Meagan feels that she should have been able to access the care and support she needed at home.

“I should never have felt so desperate that I wanted to kill myself”.

Ciara* was 24 and had been in an abusive relationship for six years before finding out she was pregnant.

“It was an awful relationship. He used to hit me, break all my things, try and choke me and I was so naive and in such a bad place I didn’t know how to get out. I had applied for a PhD in the UK and was going to use it as my escape from him”.

Ciara had been told by doctors that she would have difficulty conceiving, but she was still careful to take precautions.

“We had always been careful except one night and I had said to my ex I should get the morning after pill and he told me to shut up that my bits didn’t work anyways. I started getting symptoms but ignored them and put it down to cramps and didn’t think anything was unusual because my period was always late”.

A pregnancy test revealed Ciara was pregnant. She told her partner who wanted her to have an abortion.

“I couldn’t tell my family or friends but eventually told my best friend. I was around five-and-a-half weeks pregnant. I was so torn. I felt so much love for a baby I never thought I would have and absolute terror because it meant I was stuck with my ex and couldn’t get a job to afford the baby. Ultimately, that’s what made my decision for me. I loved the baby so much and I couldn’t bring it into a home to be treated badly or watch abuse”.

Ciara said she had mixed feelings about the abortion right up to the moment she was handed the pills.

“I remember sitting there feeling like every part of me wanted to run down the stairs with my baby and run away but the other part telling me do it to get away from my ex.”

“The next day we flew back to Ireland, I went to my apartment I shared with my ex. The first thing he asked was if I had bought food for dinner on the way back. I looked at him dead straight and told him I hated him and wanted nothing to do with him. I went upstairs and tried to sleep.

“I was in agony, my ex wouldn’t go to the shop and get me painkillers.

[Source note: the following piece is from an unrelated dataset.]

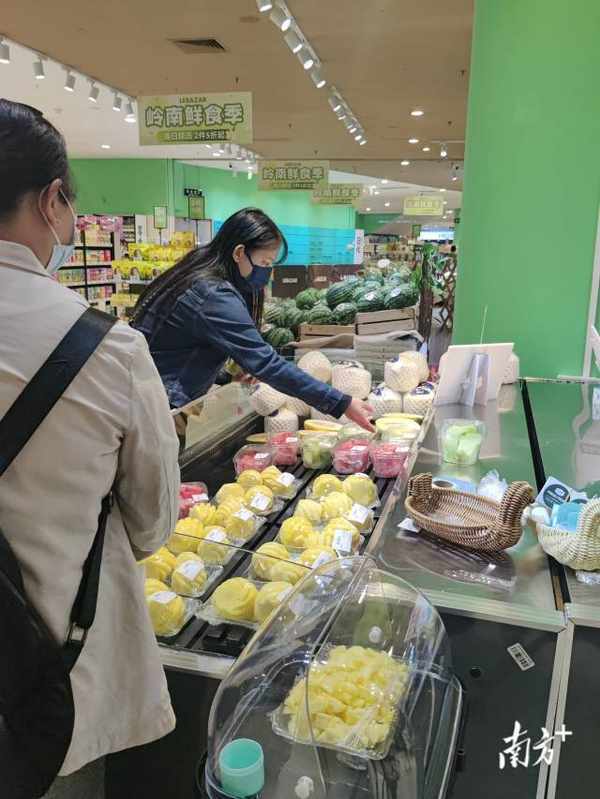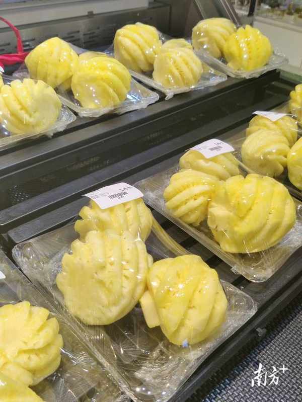 与其同时,珠江新城地铁口附近的高端商超也摆满了鲜切菠萝。“老喝咖啡奶茶也腻了,想买点鲜切水果当下午茶,健康点,刚好现在春天有菠萝卖。”趁着上班午休时间到超市里购买鲜切菠萝的张女士说。近年来,鲜切水果正逐渐成为年轻人下午茶新选项,鲜切菠萝正逐渐成为水果界的新爆款、年轻人的新宠。

I was rolling around the bed in agony. I bled for about three weeks and still had some symptoms after that. I cried and cried every day”.

Ciara says it took her nearly two years to find the strength to leave the man who was abusing her.

“Having to go away made it feel like a dirty shameful secret.  You never know what someone is going through and it is never the easy option to have an abortion. Please repeal the 8th so this doesn’t have to be repeated”.

Women’s Aid says that women experiencing domestic abuse are at risk of sexual violence. Since 2002, Women’s Aid has received 2,417 disclosures of rape by current or ex-partners.

Ms Martin says that the disclosures they hear are only “the tip of the iceberg.”

“Women using our services tell us that they are beaten during sex; have had sexually explicit images and videos made without their consent; are denied access to family planning; are drugged and raped while unconscious; are sexually assaulted with weapons and are forced to carry out humiliating and painful sexual acts.

“Women also tell us that they have been coerced into sex with their abusers friends and/or forced into prostitution. We also hear from women who feel they can’t say no because they fear repercussions from their partner”.

Women’s Aid is calling on the public to support a yes vote in the upcoming referendum on the removal of the 8th amendment.

“…the 8th Amendment brings additional trauma to women experiencing sexual and domestic violence. Our experience also shows that abusive partners exercise control over women’s freedom of movement and her access to financial resources. These are particularly significant where the option of abortion is only available to women with sufficient economic means and the freedom to travel outside Ireland”.